For the investment community, there was another sign at the Forum of the way the investment wind may be blowing. Jim Rogers, an American multi-billionaire investor and former partner of George Soros’s Quantum Fund, announced that he was investing in Russian assets precisely because “…they are the most hated in the world.”
The famous American contrarian has recently accepted a Board of Director’s Seat at PhosAgro, a Russian fertilizer company, where he is also a major stakeholder.
Some six months after sanctions were imposed, the U.S. Secretary of State visited the Kremlin for private talks with Putin, which were widely interpreted as an attempt to ease international tensions over Ukraine. After the St. Petersburg Forum, the first telephone conversation between Presidents Obama and Putin took place, breaking an eighteen month silence.

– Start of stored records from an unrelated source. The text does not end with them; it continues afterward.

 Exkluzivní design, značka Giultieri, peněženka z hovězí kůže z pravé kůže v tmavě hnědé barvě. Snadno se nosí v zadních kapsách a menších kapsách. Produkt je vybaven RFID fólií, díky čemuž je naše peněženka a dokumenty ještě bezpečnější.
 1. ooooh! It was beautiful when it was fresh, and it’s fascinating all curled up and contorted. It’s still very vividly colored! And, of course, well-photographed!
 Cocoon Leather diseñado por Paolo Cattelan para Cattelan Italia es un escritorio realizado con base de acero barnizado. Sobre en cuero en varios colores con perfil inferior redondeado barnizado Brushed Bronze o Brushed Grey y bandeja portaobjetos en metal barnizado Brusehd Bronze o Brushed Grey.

As tensions ease, and the news becomes more focused on issues like Greece, rather than Ukraine, sanctions vigilance seems to be eroding. There are also signs emerging that some U.S. analysts are beginning to question the western narrative on Russia’s actions in Ukraine. One example comes from a senior analyst at Stratfor.com, one of the most widely respected U.S. strategic intelligence newsletters. Senior Analyst Lauren Goodrich argued in a June 29 video on Stratfor’s website that the U.S. is actually the one making antagonizing moves while Russia is merely responding:
“The way that the American media has put it out there is that Russia is being the aggressor (in Ukraine), and instead we’re seeing Russia be very reactive instead. NATO starts to build up, then Russia starts to build up. The United States helps support the revolution that took place in Ukraine this past year, Russia then takes Crimea and goes into eastern Ukraine. So it really is a reaction to what is taking place out of the United States and out of NATO.”

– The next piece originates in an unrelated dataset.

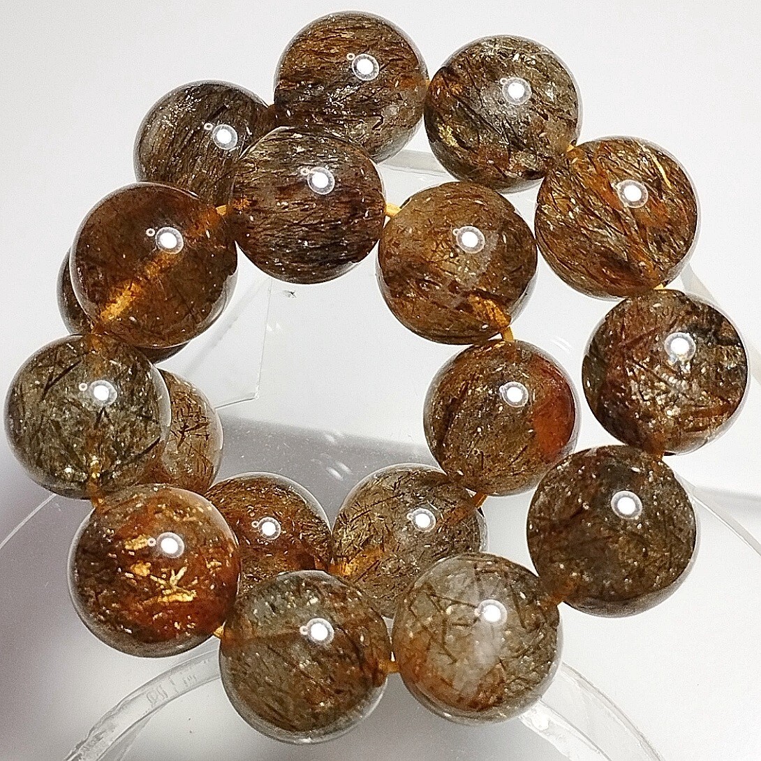 > フォリエーテッドマイカインクォーツ ブレスレット ダーク系 11mm 16.5cm スーパーセブンルチルクォーツ ブラックスーパーセブン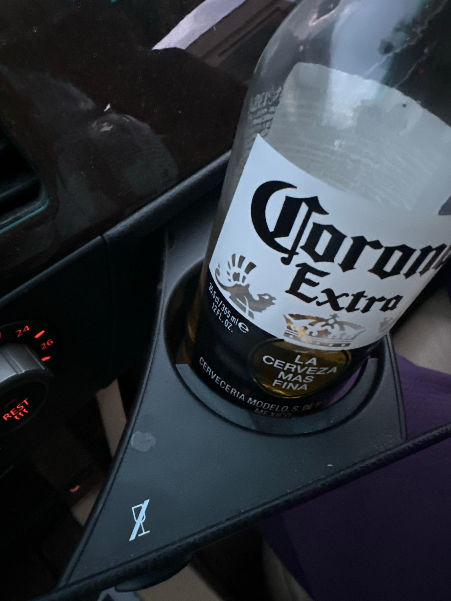 The image shows a partially consumed bottle of Corona Extra beer placed in a black plastic cupholder, likely inside a car, given the dashboard details visible in the lower portion of the frame. The bo…read more

All of this suggests that official government sanctions may continue a good deal longer, while the EU and Asian business community increasingly ignores them. That is likely to result in increased government pressure from the U.S. business community to enable its companies to compete on and equal plane with their EU and Asian peers. This growing dichotomy between the U.S. and EU/Asia is unlikely to be long lasting, as their respective governments seek ways to avoid embarrassment in their respective business communities.

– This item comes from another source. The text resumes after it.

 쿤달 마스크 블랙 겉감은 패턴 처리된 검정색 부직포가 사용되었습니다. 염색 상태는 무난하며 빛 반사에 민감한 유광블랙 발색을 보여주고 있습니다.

As stated by Chris Weafer, founding partner at Macro-Advisory, a Moscow consultancy, “Goods and services which in theory are subject to sanctions, in reality do not appear to be. Companies seem to be working around it. There is obviously a very big blind eye being turned” by some western governments…. “I think the basic message is if you’re not blatant about it you’re fine.”
A U.S. State Dept. representative may have let the truth slip out when he described the reaction of the State Dept. to questions from U.S. companies about attending the St. Petersburg Economic Forum. “If you tell us you’re going, we’ll probably order you not to, but if you go and don’t tell us, we’ll probably do nothing,” he said.